Pardon me if I'm posting a duplicate thread but..
I have a text file with over 150 Million records, file size is in the range if MB(close to GB).
The requirement is to read ALL the lines excepting the FIRST LINE which is the file header and the LAST LINE which is it's trailer record.
What is the most OPTIMUM way to do it?
I'm aware that the SED solution will take a significantly long time to process such a huge file, hence I'm not opting it.
You're not really giving much information, but you could always start by keeping a count of the record being processed and throw out the first and last.
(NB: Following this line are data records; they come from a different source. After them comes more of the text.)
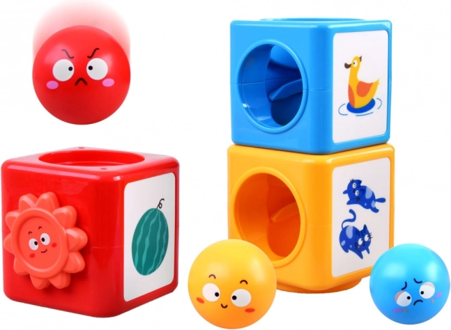 Die farbcodierten Kugeln verschiedener Durchmesser, die aus den Blöcken herausgerollt werden, helfen Kindern, das Konzept der Sortierung zu verstehen.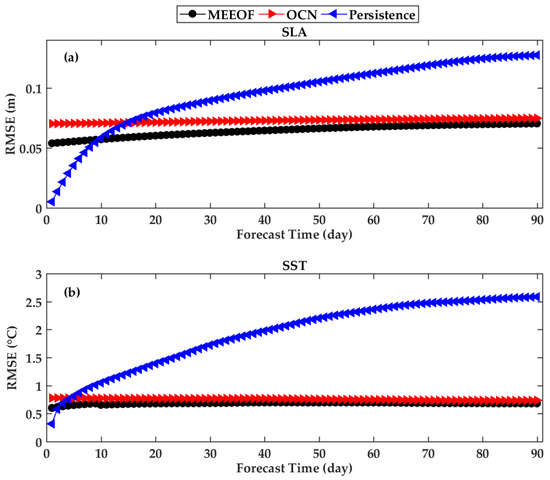 The basin average RMSEs of the MEEOF prediction model, persistence forecasting, and OCN model—(a) SLA; (b) SST.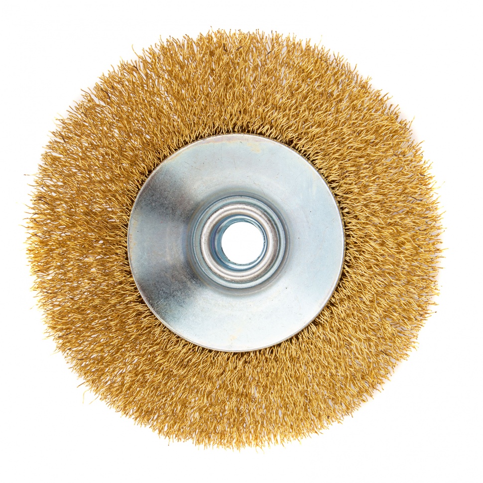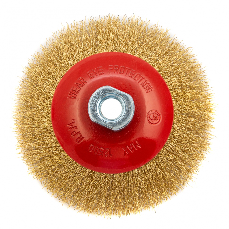 Щетка Matrix «тарелка» 74616 диаметром 125 мм, с щетиной из витой проволоки, с резьбой М14, устанавливается на вал УШМ, поддерживающей скорость вращения 12500 об/мин. Подходит для щадящей обработки поверхностей, снятия тонкого слоя ржавчины, лакокрасочных покрытий и загрязнений. Универсальная форма «тарелка» позволяет использовать щетку для зачистки углов и плоскостей.ПреимуществаВысокий ресурс — щетина из высококачественной стальной проволоки отличается износостойкостью.Универсальность — можно обрабатывать любые твердые материалы: металл, древесину, цветные металлы, пластик и т.д.Защита от разрушения — латунированная щетина и покрытый эмалью корпус устойчивы к коррозии.
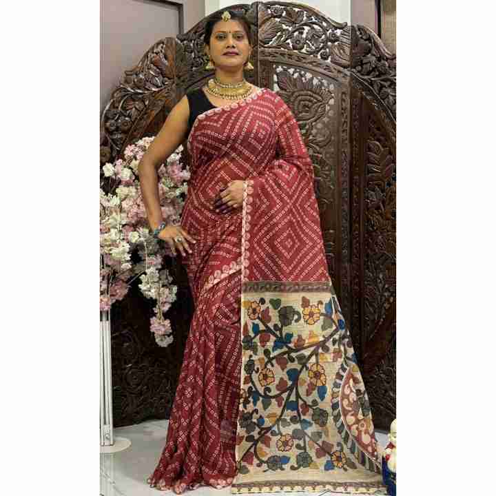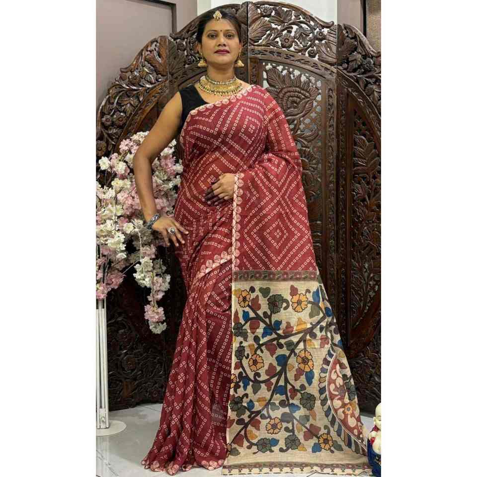 FANCY LINEN BANDHEJ TRABAJO DE IMPRESIÓN DIGITAL SAREE CON BOLUSE DESECHADO MAROON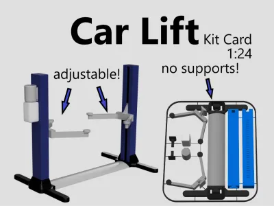 This is a 1:24 sclae model of car lifter in a kit card style. They also fit the 1:24 models I have published. Can also be used for 1:18 scale models.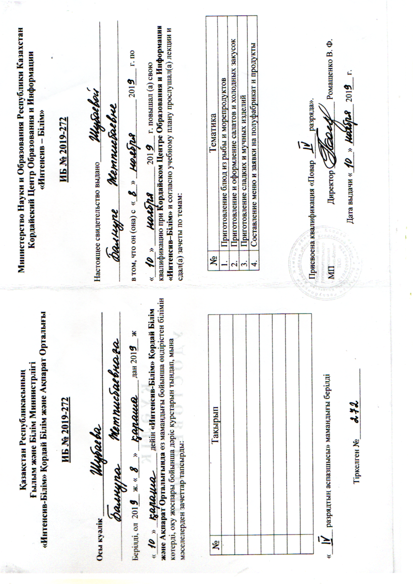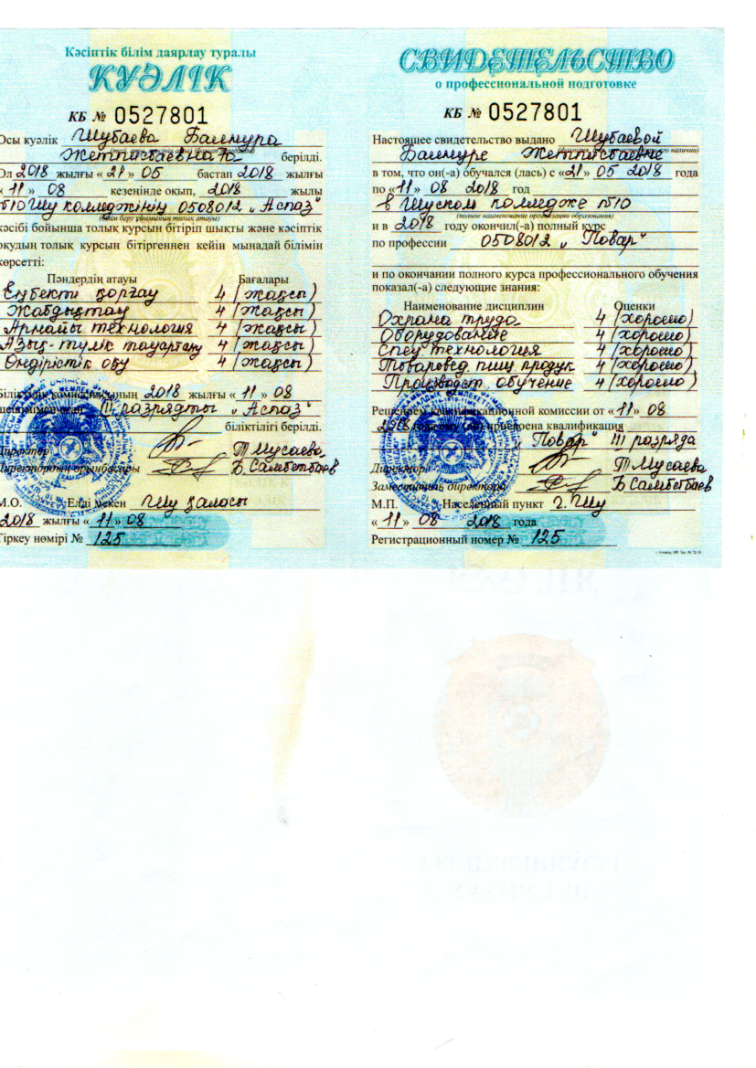 Аспазшының медициналық кітапшасы, куәлігі » СШ им.Амангелды

wc -l inputfile | read totalrecs
Will give you the total number of records in the file. So, ...
recordCount=0
wc -l filename | read totalrecs
cat filename | while read rec
do
((recordCount+=1))
if [[ $recordCount == 1 ]] ; then
continue ;
fi
if [[ $recordCount == $totalrecs ]] ; then
break;
fi
# ... your other processing goes here
done
Tested with a 2 GB file (excluding writing to a file which should be similar for all approaches):
$ time sed '1d;$d' greptestin1 > /dev/null
real 0m29.835s
user 0m29.186s
sys 0m0.591s
$ time awk 'NR>2{print p}{p=$0}' greptestin1 > /dev/null # BSD awk
real 1m44.183s
user 1m43.627s
sys 0m0.481s
$ time mawk 'NR>2{print p}{p=$0}' greptestin1 > /dev/null
real 0m14.982s
user 0m14.463s
sys 0m0.498s
$ time gawk 'NR>2{print p}{p=$0}' greptestin1 > /dev/null
real 0m24.682s
user 0m24.210s
sys 0m0.414s
$ time gawk4 'NR>2{print p}{p=$0}' greptestin1 > /dev/null
real 0m27.621s
user 0m27.173s
sys 0m0.419s